WORK INSTRUCTION. For this exercise, output the entries below exactly from the line that holds "وزیر نیرو با" to the line that holds "Figura 1: Reunião", both ends included. No pictures belong in the copy.

DATA FOR ANALYSIS.
====

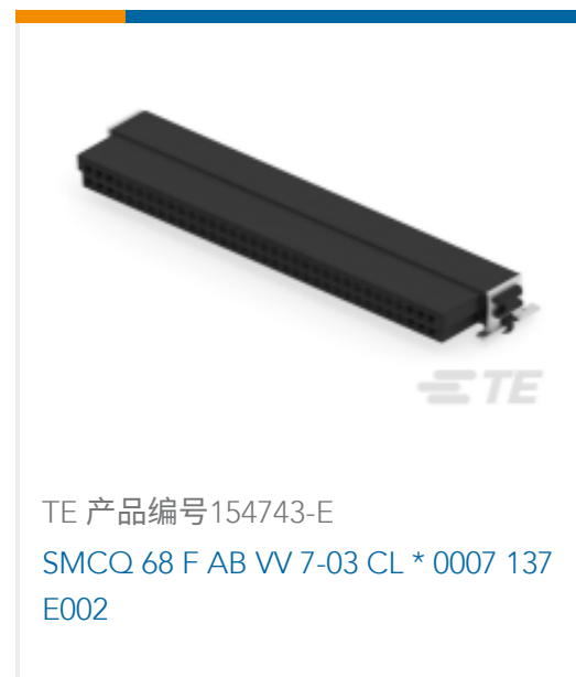
TE 产品编号154743-E SMCQ 68 F AB VV 7-03 CL * 0007 137 E002
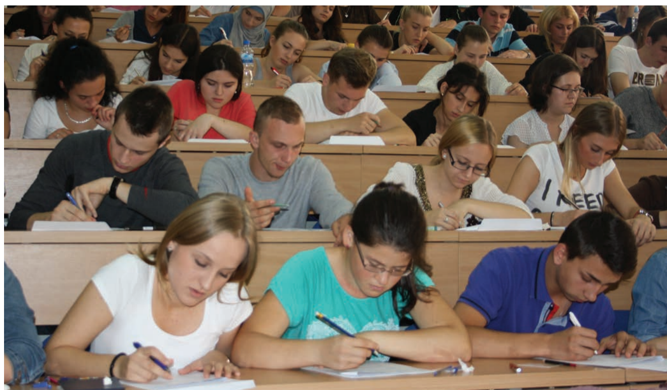
Studenti Univerziteta u Tuzli nerijetko nakon upisa studij nastave na jednom od partnerskih univerziteta u Evropi

„Naši alumniji nam mogu ponuditi najbolje informacije o tome kako možemo unaprijediti naše studijske programe kako bi naši studenti na tržištu rada bili konkurentniji i prepoznatljiviji i mislim da se ta veza u svakom slučaju treba jačati i podići na neku višu razinu, kako bismo imali daleko bolje povratne informacije od naših svršenih studenata,“ kaže prorektorica Nikolić.
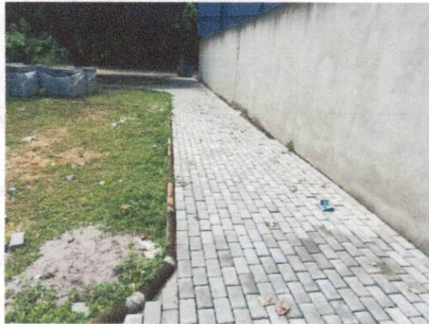
Foto 5: Execução de passeio em piso intertravado, com bloco retangular cor natural de 20 x 10 cm, espessura 6 cm, incluindo regularização do solo. (Itens 12.1 e 12.2)
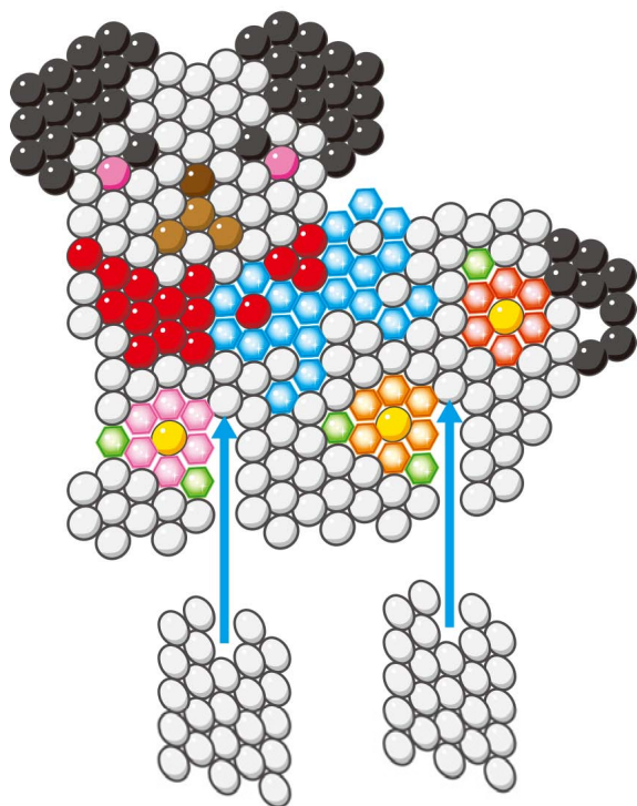
かんせいみほん 完成見本
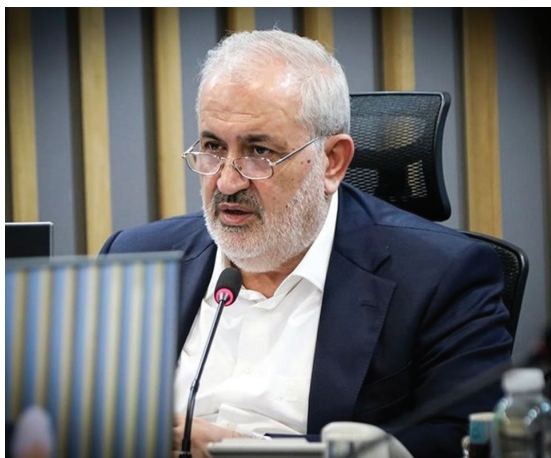
وزیر نیرو با بیان اینکه در حال حاضر ۹۷ درصد انرژی برق مورد نیاز کشور در حال تامین است، گفت: فقط سه درصد از نیاز برق کشور از طریق اعمال
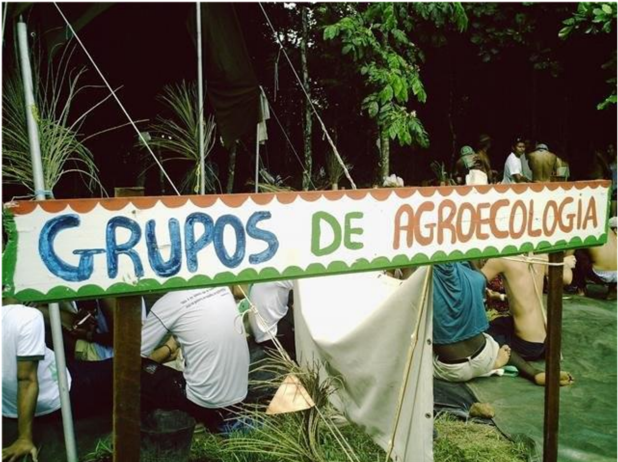
Figura 1: Reunião dos coletivos durante o Fórum Social Mundial em 2009, em Belém – PA, na área do grupo IARA – UFRA.

Em novembro de 2009 em Curitiba, paralelamente ao VI Congresso Brasileiro de Agroecologia (CBA) e II Congresso Latino Americano de Agroecologia (CLAA) aconteceu o I Encontro de Grupos de Agroecologia, reunindo cerca de 500 pessoas entre FEAB, Via Campesina e grupos de agroecologia de todo o Brasil. Esse momento foi histórico para a juventude do movimento agroecológico, que não tinha um espaço plural, diverso e de formação para se encontrar e se reconhecer. Apesar da riqueza do encontro, um problema central já se mostrava aos organizadores: à maturidade de um primeiro espaço desse caráter, os grupos se apropriaram pouco dessa ferramenta, levando algumas vezes a esvaziamentos de espaços como plenárias e assembleias.
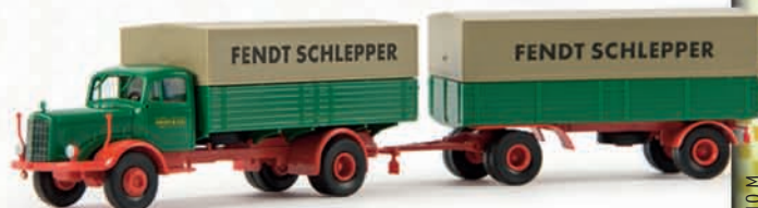
44306 MB L 325 „Fendt“
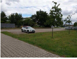
Spielplatz „Magdeburger Tor“ der Stadt Barby (Elbe)
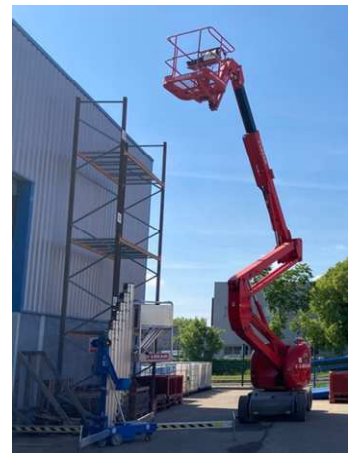
Nacelles groupes A et B

Les pré-requis devront être validés par le participant ou l'employeur en nous retournant la fiche d'inscription complétée.
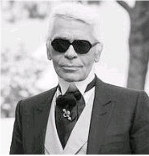
Modeschöpfer Karl Lagerfeld
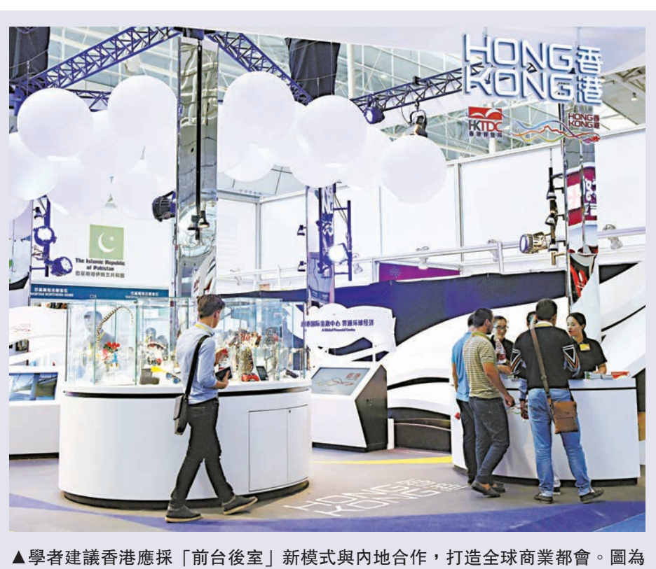
▲學者建議香港應採「前台後室」新模式與內地合作，打造全球商業都會。圖為第五屆中國—亞歐博覽會「香港館」
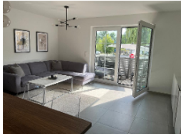
Wohnzimmer Bild 2

====

WORKED SOLUTION.
وزیر نیرو با بیان اینکه در حال حاضر ۹۷ درصد انرژی برق مورد نیاز کشور در حال تامین است، گفت: فقط سه درصد از نیاز برق کشور از طریق اعمال
Figura 1: Reunião dos coletivos durante o Fórum Social Mundial em 2009, em Belém – PA, na área do grupo IARA – UFRA.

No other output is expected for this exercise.